The second example has evolved that the word fidwa sometimes is used as a polite way to ask for something: ex. فدوة عيني افتح الشباك, or لتصيح بصوت عالي فدوة أروحلك. It's an extera polite way, slightly unformal although some old fashioned people may use it formally. The word fidwa itself loosely means something like "the one I would sacrafice myself for".


----------



## Ghabi

[Moderator's Note: Merged with a previous thread]
فداك "Your ransom!" Is that something that you say when you break something?


----------



## WadiH

تفداك/يفداك
فدوة
Possibly فداك (first time I've seen it, but it might be some variant that I didn't know about)

These are all words you say when _someone else_ breaks something.  I don't understand it as "ransom" in the sense of ransom for a prisoner, but I guess "ransom" is close enough.

There's also فديتك/فديتتش, which is an expression of affection in the Gulf region.


----------



## cherine

It's "fadaak" in Egypt (said to masculine. To fem., we say fadaaki, to plural: fadaako).
By coincidence, I've spoken about this here.
It can be said in a slightly different context, like the one explained here (the second paragraph).

I don't think "ransom" is a very accurate translation, because it's mainly -if not only- used in kidnapping-related contexts. No?


----------



## be.010

Hi
In Syria we say it _fidaak_... The way I understand it, it may mean ransom... (meaning it's been borken instead of you for you to stay safe)


----------



## Outlandish

Sure be. 010,
A good translation is, _instead of you_


----------



## WadiH

You guys seem to use it in a slightly different sense from what I'm used to.  Cherine's explanation in the other thread seems like it has to do with luck and superstition.  I'm sure this sense exists in my country as well, but we usually use this expression in the sense of "don't worry about it, you can break whatever you want, I'll gladly sacrifice that object for you."  For example, a kid crashes his parents' car and they say تفداك ألف سيارة يا ولدي.


----------



## cherine

be.010 said:


> Hi
> In Syria we say it _fidaak_... The way I understand it, it may mean ransom... (meaning it's been borken instead of you for you to stay safe)
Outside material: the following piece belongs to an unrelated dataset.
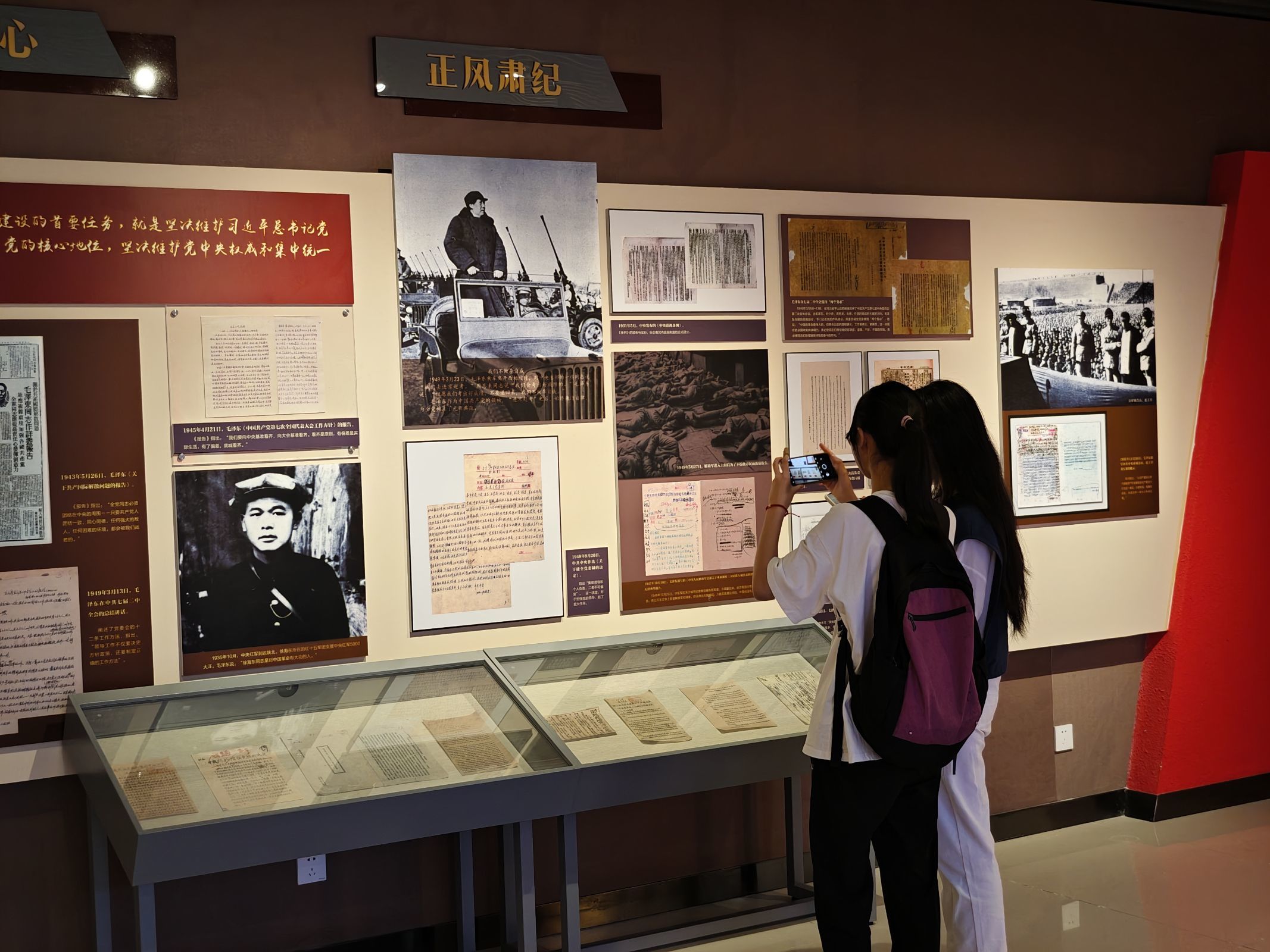 今天的第二部分是自身建设,由党建制度、维护核心、正风肃纪三个部分组成,习近平总书记说过“办好中国的事情,关键在党”,依序讲述了党发展中的相关事例:1929年陈仪关于朱德红军情况的报告,其中提出了著名的三湾改编;徐海东在红军刚刚结束长征最困难的时期援助5000大洋,其雪中送碳的行为正是共产党人维护核心的品质;1926年中央扩大会议通告,坚决清洗贪污腐败分子。在本部分结尾处,又向参观队员们检出近年来习近平总书记的发言“希望广大党员干部认真学习党史、新中国史,深刻认识红色政权来之不易,新中国来之不易,中国特色社会主义来之不易,希望广大党员干部不忘初心。”这段话,便是这些天社会实践小组来到档案馆进行党史学习的根本目的,也是对他们的根本要求。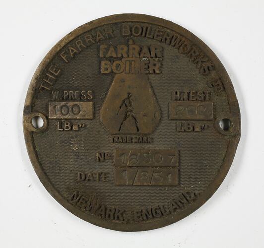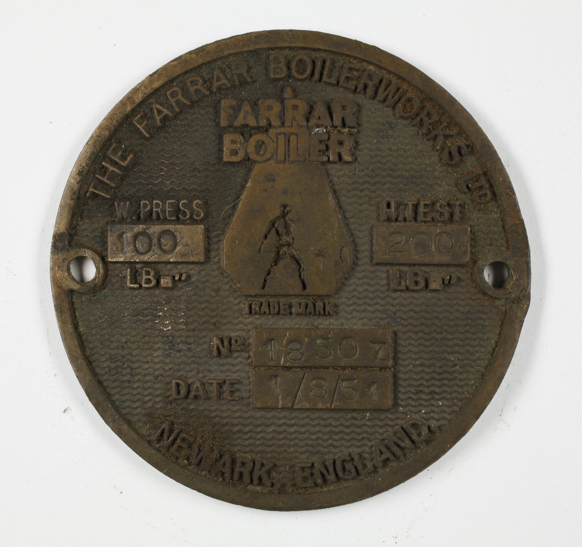 Front of plate: " THE FARRAR BOILERWORKS LTD. / FARRAR / BOILER / [image of man] / TRADEMARK. / No. 18507 / DATE 1/8/51 / NEWARK, ENGLAND. ", " W.PRESS / 100 / LB." ", " H.TEST / 200 / LB." "

f*i*daak is another pronunciation used in Egypt. As for the meaning, I think we all agree on it, just not sure about the translation. 


Wadi Hanifa said:


> we usually use this expression in the sense of "don't worry about it, you can break whatever you want, I'll gladly sacrifice that object for you." For example, a kid crashes his parents' car and they say تفداك ألف سيارة يا ولدي.


This is true in Egypt too. When we say فداك to someone, we aim to confort him, to tell him not to worry about the broken or lost thing. To use the same example about the crashed car, a friend -or the mother- can tell the father:
فداه السيارة/العربية، ربنا يديك وتجيب له غيرها 
which means: don't worry or be upset about the car, may you live long/have a lot of money, and buy him another one.
Another expression used in similar context:
كويس/الحمد لله إنها جت في الحديد
Luckily/thanks God that it [the accident] only attained the "iron" (i.e. the car). In other words: it's good the person didn't get hurt, so we should be thankful and not worry about anything else.

The superstition-related explanation, is just one of the existing explanations, not the only one.


----------



## Ghabi

Great answers, guys!

So can I say it's like حصل خير? Or they're used in different contexts?


Wadi Hanifa said:


> ... you can break whatever you want, I'll gladly sacrifice that object for you."  For example, a kid crashes his parents' car and they say تفداك ألف سيارة يا ولدي.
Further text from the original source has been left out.